THE PROBLEM –
Taking the line with "ДИСК ГАЛЬМIВНИЙ ПЕРЕДНIЙ BOSCH 0 986 479 346" as the first and the line with "Cohiba Sarı-Siyah Metal" as the last, set down exactly every line in that range from the entries below, and no more.

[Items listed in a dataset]
###

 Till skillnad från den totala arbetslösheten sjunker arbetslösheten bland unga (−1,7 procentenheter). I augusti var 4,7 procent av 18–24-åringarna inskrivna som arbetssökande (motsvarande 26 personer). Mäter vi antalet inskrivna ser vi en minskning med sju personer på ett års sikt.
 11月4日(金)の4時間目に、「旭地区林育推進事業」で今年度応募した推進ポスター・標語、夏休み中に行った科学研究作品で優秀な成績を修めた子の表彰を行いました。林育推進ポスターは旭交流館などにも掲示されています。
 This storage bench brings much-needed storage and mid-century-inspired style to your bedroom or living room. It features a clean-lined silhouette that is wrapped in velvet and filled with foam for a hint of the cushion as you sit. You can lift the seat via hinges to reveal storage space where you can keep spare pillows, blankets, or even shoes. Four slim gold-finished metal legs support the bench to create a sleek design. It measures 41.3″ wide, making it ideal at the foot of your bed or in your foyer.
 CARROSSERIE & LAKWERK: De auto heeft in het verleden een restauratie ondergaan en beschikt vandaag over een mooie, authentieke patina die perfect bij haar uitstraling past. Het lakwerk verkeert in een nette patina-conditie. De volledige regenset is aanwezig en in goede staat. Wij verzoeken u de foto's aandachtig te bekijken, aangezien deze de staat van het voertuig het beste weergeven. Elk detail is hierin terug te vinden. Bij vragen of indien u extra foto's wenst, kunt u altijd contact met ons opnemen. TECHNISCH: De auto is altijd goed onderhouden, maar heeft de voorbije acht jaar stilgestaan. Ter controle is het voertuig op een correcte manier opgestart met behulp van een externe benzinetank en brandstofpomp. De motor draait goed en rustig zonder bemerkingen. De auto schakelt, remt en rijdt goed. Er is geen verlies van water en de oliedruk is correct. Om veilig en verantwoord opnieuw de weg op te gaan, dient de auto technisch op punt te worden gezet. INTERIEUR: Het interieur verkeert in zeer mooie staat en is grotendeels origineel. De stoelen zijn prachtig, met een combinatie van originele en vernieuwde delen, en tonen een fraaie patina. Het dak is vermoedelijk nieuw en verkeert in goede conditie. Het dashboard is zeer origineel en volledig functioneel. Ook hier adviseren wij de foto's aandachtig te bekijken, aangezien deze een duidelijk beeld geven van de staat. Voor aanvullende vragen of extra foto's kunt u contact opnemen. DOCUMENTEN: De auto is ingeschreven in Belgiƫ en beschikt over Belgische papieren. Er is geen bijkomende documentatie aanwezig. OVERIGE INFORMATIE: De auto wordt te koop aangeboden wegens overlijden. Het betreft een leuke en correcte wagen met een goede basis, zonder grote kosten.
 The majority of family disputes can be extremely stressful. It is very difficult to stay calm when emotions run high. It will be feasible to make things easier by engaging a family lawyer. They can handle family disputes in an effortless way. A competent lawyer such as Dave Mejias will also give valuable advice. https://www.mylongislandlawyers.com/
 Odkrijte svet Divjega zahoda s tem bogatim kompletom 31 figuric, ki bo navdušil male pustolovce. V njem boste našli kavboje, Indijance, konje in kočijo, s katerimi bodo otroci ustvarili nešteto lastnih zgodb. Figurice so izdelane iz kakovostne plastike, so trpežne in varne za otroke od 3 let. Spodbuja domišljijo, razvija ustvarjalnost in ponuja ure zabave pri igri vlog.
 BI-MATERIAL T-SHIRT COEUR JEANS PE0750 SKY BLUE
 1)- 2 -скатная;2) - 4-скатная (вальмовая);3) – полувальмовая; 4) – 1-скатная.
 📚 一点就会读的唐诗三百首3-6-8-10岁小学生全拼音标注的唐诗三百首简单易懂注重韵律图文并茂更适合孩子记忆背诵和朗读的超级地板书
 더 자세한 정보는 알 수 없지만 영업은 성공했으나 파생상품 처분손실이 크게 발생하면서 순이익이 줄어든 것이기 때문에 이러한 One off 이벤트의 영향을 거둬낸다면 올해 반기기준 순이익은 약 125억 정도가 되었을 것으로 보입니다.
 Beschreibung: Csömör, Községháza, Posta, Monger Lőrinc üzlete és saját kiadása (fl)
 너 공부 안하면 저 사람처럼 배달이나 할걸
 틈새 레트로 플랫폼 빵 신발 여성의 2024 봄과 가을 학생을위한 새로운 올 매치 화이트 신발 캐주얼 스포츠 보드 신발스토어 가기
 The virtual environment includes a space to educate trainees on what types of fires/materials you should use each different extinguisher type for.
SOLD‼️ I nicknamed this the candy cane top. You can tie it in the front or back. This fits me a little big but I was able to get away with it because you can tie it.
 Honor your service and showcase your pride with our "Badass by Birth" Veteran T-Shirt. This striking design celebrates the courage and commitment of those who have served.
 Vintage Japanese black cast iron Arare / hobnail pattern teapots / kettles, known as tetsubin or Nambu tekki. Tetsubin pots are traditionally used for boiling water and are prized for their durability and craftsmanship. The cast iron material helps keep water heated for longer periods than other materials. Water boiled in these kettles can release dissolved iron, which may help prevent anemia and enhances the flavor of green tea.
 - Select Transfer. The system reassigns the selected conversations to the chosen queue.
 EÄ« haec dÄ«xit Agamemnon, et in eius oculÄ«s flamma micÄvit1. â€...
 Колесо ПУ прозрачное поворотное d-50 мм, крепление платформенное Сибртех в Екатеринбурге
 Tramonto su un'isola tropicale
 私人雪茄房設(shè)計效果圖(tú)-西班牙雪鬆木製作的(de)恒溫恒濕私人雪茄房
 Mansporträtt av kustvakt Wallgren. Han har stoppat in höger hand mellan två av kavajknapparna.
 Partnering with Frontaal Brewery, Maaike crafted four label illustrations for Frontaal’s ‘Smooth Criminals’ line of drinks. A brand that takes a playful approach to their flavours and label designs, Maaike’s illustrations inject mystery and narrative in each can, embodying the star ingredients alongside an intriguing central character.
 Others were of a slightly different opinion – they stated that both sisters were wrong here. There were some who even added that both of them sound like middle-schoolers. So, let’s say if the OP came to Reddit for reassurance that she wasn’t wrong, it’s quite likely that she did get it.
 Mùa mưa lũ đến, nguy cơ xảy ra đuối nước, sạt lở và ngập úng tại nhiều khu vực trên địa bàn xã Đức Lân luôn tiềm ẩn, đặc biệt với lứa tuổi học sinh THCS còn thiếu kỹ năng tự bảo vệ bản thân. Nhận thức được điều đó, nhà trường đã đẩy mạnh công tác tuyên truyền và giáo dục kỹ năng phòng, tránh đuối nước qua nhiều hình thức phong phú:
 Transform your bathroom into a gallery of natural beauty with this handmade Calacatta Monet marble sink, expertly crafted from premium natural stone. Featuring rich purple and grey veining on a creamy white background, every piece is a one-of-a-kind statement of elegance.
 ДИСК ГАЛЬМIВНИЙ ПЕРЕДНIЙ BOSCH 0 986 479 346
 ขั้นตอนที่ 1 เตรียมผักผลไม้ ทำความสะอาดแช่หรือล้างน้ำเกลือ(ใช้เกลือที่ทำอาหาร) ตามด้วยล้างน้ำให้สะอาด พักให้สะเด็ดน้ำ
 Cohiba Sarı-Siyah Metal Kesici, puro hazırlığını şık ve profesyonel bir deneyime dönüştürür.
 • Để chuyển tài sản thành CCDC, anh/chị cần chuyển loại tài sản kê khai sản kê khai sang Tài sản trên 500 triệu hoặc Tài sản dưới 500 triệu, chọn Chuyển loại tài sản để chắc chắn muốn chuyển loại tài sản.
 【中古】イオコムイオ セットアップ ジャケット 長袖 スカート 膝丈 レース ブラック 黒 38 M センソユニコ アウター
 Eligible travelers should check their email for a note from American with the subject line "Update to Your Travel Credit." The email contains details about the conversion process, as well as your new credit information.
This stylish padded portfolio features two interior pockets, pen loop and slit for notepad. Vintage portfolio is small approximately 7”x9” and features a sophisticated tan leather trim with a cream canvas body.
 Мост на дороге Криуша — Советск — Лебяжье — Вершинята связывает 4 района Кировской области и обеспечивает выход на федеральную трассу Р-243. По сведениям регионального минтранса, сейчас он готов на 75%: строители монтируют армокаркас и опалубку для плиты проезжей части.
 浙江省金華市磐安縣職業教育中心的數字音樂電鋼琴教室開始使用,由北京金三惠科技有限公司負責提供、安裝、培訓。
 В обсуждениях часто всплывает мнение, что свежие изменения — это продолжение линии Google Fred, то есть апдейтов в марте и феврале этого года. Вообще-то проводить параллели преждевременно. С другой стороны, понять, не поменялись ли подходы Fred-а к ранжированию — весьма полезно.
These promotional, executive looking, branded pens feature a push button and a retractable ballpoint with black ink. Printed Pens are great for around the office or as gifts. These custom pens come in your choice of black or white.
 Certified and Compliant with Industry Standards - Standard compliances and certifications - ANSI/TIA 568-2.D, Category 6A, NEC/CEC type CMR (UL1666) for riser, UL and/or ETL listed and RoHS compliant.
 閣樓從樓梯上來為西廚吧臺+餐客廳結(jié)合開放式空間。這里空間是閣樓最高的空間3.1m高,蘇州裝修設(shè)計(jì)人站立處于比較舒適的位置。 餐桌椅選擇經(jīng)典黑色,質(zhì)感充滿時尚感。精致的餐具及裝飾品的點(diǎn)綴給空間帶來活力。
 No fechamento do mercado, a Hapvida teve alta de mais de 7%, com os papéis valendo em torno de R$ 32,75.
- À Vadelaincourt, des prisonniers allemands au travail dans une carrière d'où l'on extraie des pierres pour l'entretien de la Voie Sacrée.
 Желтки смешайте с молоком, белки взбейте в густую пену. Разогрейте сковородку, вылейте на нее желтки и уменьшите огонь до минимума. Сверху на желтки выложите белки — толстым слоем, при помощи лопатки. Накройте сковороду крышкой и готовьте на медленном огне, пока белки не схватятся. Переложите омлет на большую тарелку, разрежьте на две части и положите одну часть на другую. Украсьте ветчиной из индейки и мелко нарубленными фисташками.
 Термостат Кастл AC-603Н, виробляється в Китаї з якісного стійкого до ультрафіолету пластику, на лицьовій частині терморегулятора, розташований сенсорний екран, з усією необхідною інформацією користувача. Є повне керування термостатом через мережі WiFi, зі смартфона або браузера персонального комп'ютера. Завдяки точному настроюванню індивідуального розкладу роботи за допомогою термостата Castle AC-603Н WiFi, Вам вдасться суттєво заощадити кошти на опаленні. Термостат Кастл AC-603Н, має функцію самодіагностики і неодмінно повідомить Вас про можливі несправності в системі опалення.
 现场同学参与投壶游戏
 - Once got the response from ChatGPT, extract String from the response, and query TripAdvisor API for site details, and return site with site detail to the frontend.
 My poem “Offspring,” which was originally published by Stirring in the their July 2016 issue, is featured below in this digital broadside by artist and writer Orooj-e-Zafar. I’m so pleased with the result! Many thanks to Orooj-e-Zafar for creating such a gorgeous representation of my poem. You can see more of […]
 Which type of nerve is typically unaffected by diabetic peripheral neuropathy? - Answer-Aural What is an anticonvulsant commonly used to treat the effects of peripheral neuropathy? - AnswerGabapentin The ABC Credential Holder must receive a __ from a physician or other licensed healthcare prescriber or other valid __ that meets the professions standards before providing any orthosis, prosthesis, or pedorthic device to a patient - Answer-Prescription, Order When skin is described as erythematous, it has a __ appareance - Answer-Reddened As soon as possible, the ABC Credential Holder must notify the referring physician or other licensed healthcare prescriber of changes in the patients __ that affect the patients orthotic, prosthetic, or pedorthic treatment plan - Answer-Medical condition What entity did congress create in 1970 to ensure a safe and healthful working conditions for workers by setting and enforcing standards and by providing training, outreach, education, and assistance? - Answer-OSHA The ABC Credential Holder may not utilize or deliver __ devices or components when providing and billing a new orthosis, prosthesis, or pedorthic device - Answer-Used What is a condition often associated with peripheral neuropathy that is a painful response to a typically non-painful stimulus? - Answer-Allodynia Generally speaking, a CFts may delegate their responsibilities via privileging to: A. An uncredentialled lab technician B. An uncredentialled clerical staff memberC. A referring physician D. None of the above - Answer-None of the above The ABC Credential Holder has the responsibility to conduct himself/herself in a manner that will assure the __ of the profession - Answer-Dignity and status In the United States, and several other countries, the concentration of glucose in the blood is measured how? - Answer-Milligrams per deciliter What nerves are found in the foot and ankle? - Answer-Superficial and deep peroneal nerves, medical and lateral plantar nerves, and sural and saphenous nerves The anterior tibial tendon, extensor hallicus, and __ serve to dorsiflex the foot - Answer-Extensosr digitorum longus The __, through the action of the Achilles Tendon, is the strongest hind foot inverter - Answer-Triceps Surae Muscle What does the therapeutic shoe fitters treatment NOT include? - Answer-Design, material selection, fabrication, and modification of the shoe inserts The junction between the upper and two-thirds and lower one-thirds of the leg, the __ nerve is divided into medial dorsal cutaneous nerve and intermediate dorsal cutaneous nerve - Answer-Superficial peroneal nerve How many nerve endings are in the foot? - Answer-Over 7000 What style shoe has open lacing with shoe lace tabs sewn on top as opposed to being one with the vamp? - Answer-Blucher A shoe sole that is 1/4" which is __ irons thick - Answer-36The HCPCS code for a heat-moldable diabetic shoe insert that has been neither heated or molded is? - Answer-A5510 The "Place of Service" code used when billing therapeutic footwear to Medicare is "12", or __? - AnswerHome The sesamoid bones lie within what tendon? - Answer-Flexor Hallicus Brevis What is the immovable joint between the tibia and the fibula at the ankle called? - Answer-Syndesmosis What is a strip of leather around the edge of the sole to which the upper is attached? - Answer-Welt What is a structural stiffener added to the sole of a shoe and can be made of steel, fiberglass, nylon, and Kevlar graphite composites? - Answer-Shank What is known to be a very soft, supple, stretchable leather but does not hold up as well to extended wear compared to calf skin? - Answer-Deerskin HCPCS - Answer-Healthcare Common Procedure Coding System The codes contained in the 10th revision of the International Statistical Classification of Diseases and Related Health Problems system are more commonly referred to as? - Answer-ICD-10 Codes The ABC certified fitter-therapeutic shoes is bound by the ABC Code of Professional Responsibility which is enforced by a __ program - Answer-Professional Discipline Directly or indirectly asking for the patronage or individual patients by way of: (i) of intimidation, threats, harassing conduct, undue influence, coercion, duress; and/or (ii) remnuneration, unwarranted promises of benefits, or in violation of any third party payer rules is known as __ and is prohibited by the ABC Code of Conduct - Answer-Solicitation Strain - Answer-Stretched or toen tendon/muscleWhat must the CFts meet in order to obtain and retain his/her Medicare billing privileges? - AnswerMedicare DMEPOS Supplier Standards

###

RESPONSE TO THIS EXERCISE –
 ДИСК ГАЛЬМIВНИЙ ПЕРЕДНIЙ BOSCH 0 986 479 346
 ขั้นตอนที่ 1 เตรียมผักผลไม้ ทำความสะอาดแช่หรือล้างน้ำเกลือ(ใช้เกลือที่ทำอาหาร) ตามด้วยล้างน้ำให้สะอาด พักให้สะเด็ดน้ำ
 Cohiba Sarı-Siyah Metal Kesici, puro hazırlığını şık ve profesyonel bir deneyime dönüştürür.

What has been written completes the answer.